How do you prepare for the rush in demand just before Ascot?
I don’t think one is ever quite prepared! All our hats are made to order so we can’t really stock up. This year, we had a phenomenal Ascot, our busiest yet – basically, you have to put your head down and work hard.
Ascot is a hat’s annual ‘‘moment.’’ On what other occasions should a woman wear a hat?
As often as possible! Obviously, there are lots of other occasions such as weddings, Henley, and the Derby, but we must be careful not to lose the art of hat wearing. These days, I think it is easier on certain occasions not to bother and therefore to miss out on the ‘‘Hat Effect’’ – hats prompt a response like no other accessory and can give the wearer presence and confidence.
How do you match a bespoke hat with a dress? What is the fitting and planning process like?

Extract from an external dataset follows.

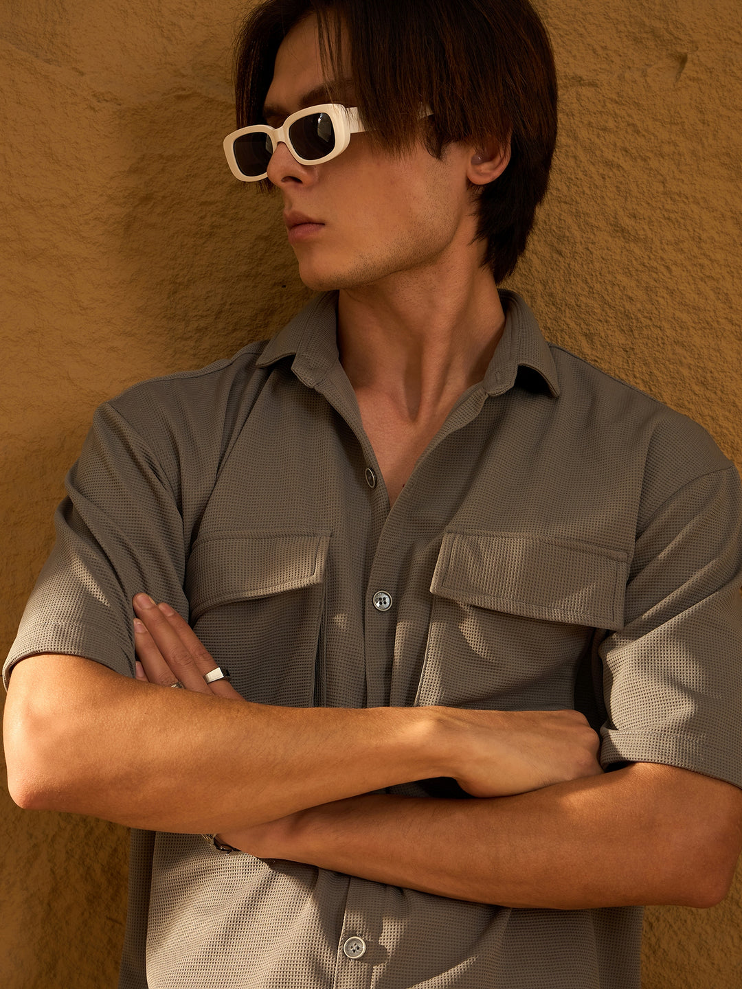 Grey Drop Shoulder Oversized opaque Casual 4way Lycre shirt ,has a Spread collar, Double pocket, button placket, Half regular sleeves, Curved hem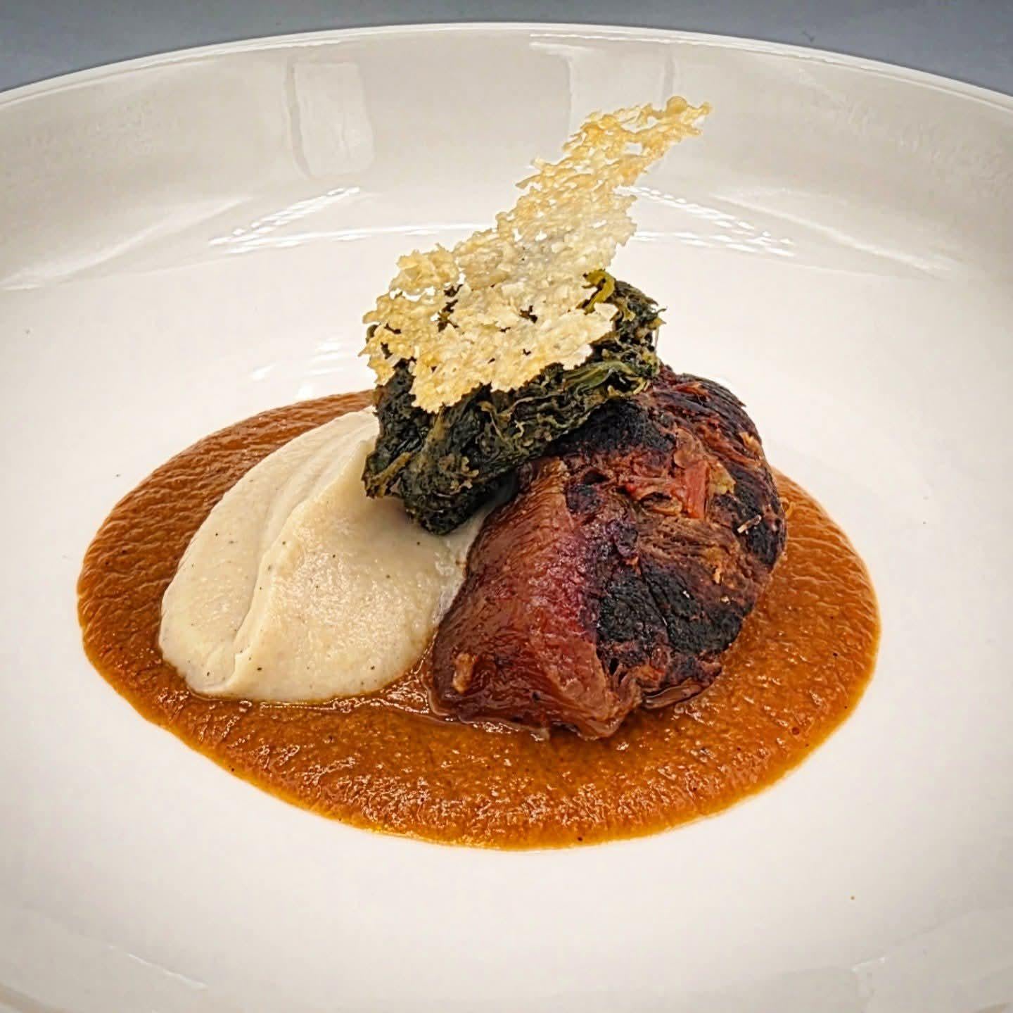 Jorinji onion koji marinated beef shank braised in Guinness and San Marzano tomatoes, bone marrow ragu, roasted cauliflower and white onion purée, spinach gratin, Parmigiano Reggiano tuile

When you come in for an appointment, it is best to bring along sketches and swatches of your outfit or the outfit itself if possible. We would then have a chat about the occasion and I try to get an idea of what kind of hat or headpiece the client has in mind. Then we try on lots of different shapes and sizes to see what works. You must take into account what is going on with the outfit, how busy the fabric is, what the whole silhouette will look like. Having found a shape that works, we then discuss possible trimmings, once again very much taking into account the outfit and fabric. There are normally one or two fittings to make sure we are on the right track and that everything is working together. We normally request a 4-6 week lead time.
What is the most unique material you have ever used to create a hat?
One year I made a mirrored hat for Ascot, a fairly classic shape but covered in tiny mirror squares like a disco ball.
Who would you most like to wear one of your hats, and who of fame or notoriety has worn one of your hats?
I am always seeking good ambassadors for hats. I would love to make hats for Carla Bruni – her style is so effortlessly chic. As for an existing client, I would have to say The Queen, no one has worn more hats than she.
Hat etiquette – is it rude to keep a hat on indoors?
I suppose that depends on the hat but in general for women it is not rude – only for men.
Do certain styles of hats have a symbolic social meaning?
It may have been so in the past but not these days – the only issue is one of quality and style.
What is luxury?
In hat terms, luxury is having a hat designed for you as an individual by someone who will take the time to create what you want. It is walking out with a beautifully crafted and perfectly designed hat to compliment your personality and outfit.